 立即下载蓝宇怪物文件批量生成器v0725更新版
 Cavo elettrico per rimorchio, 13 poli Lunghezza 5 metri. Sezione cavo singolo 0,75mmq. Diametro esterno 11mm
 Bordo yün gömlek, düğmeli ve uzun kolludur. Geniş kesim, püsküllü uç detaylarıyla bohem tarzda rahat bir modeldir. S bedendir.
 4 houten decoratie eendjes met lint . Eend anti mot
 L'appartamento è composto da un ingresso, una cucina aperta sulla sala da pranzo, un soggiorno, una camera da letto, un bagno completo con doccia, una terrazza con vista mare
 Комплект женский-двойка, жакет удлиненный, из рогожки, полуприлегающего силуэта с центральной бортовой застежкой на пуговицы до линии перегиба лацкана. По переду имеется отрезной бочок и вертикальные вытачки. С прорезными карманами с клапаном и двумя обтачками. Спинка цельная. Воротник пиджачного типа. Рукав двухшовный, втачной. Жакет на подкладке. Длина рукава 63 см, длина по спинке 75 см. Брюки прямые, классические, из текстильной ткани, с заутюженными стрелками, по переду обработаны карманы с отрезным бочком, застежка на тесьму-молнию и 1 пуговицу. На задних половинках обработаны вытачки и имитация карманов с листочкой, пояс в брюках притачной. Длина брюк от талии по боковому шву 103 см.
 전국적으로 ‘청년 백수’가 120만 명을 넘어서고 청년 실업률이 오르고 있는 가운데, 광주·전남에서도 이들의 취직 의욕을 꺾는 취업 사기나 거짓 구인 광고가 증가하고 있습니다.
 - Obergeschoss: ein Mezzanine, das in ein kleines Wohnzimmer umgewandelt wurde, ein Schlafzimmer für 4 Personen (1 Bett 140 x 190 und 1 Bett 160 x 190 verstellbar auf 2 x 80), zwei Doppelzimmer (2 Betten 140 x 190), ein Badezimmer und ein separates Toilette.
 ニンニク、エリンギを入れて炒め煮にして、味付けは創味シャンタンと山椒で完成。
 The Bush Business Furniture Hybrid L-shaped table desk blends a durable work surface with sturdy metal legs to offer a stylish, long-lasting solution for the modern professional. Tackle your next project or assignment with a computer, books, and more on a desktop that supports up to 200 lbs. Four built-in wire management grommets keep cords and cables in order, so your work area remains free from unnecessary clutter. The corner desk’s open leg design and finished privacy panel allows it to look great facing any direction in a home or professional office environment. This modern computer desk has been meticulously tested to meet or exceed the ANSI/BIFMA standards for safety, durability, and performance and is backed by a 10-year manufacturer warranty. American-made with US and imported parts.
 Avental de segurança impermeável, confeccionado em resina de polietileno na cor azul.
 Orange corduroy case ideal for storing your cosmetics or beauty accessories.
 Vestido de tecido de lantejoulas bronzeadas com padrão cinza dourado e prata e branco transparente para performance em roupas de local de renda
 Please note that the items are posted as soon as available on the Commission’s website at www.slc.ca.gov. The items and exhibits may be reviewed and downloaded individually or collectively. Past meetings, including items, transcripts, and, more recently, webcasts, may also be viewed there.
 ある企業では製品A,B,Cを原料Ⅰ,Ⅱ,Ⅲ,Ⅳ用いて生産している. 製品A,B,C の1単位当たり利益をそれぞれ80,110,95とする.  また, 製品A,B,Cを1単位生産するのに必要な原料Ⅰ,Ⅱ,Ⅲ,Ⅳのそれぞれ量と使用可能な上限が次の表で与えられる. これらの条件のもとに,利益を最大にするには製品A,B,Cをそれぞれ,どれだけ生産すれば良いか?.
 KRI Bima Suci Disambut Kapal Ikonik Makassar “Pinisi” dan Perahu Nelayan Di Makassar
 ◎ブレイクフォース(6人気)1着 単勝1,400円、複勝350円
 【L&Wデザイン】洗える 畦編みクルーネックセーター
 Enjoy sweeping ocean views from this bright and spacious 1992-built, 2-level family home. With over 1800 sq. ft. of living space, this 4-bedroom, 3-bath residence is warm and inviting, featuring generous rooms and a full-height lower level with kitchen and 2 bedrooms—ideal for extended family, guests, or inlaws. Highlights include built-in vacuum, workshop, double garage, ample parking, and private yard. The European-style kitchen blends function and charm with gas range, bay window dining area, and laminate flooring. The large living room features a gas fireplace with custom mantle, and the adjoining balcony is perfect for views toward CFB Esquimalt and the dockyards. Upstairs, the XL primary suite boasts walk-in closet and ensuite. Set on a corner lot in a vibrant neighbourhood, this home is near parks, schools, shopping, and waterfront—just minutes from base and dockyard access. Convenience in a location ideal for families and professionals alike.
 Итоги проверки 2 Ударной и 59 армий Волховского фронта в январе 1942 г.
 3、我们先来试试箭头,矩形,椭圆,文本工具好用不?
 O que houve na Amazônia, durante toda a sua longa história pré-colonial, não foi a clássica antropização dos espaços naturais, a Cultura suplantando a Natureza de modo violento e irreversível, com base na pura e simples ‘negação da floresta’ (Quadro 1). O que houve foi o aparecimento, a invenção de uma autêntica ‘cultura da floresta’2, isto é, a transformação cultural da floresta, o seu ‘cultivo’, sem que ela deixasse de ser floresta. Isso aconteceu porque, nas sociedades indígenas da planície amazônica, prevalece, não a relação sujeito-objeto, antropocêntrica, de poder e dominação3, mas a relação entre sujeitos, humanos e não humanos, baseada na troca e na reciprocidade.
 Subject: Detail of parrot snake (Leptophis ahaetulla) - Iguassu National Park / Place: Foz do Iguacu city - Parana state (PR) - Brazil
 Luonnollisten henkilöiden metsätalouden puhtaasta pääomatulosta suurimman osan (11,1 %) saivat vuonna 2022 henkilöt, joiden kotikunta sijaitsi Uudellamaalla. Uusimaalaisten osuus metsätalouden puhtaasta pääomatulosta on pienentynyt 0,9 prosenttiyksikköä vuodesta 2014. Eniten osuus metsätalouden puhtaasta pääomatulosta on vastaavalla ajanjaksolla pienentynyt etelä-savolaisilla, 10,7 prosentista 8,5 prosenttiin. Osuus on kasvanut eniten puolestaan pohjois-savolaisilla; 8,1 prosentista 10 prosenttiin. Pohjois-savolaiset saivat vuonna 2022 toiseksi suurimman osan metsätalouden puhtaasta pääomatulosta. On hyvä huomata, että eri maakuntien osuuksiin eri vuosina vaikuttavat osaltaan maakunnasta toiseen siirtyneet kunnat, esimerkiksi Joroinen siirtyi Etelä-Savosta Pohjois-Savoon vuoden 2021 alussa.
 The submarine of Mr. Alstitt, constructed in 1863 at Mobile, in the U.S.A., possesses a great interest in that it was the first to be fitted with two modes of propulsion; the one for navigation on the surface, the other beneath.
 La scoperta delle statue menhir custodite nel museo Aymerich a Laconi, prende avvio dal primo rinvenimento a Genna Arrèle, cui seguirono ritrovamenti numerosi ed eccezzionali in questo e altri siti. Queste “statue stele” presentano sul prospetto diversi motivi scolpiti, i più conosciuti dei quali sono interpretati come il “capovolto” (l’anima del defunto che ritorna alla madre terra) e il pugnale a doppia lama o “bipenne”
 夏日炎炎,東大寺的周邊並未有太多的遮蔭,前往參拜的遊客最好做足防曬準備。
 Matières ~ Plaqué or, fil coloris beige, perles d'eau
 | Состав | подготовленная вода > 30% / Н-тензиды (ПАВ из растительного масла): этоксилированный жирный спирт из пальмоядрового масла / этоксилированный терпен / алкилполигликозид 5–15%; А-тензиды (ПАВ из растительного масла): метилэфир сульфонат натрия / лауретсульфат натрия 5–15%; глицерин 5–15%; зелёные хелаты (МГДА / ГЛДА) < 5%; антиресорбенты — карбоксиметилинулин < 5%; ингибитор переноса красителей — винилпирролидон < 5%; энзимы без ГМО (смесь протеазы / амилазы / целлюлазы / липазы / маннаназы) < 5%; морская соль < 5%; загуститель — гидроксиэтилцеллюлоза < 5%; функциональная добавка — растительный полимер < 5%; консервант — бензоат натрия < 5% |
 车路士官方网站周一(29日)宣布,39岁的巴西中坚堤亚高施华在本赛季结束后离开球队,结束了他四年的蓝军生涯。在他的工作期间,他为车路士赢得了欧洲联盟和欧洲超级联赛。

=====

"performance" is the string to look for; please copy every line of the records above where it appears.

### WRITTEN ANSWER:
 The Bush Business Furniture Hybrid L-shaped table desk blends a durable work surface with sturdy metal legs to offer a stylish, long-lasting solution for the modern professional. Tackle your next project or assignment with a computer, books, and more on a desktop that supports up to 200 lbs. Four built-in wire management grommets keep cords and cables in order, so your work area remains free from unnecessary clutter. The corner desk’s open leg design and finished privacy panel allows it to look great facing any direction in a home or professional office environment. This modern computer desk has been meticulously tested to meet or exceed the ANSI/BIFMA standards for safety, durability, and performance and is backed by a 10-year manufacturer warranty. American-made with US and imported parts.
 Vestido de tecido de lantejoulas bronzeadas com padrão cinza dourado e prata e branco transparente para performance em roupas de local de renda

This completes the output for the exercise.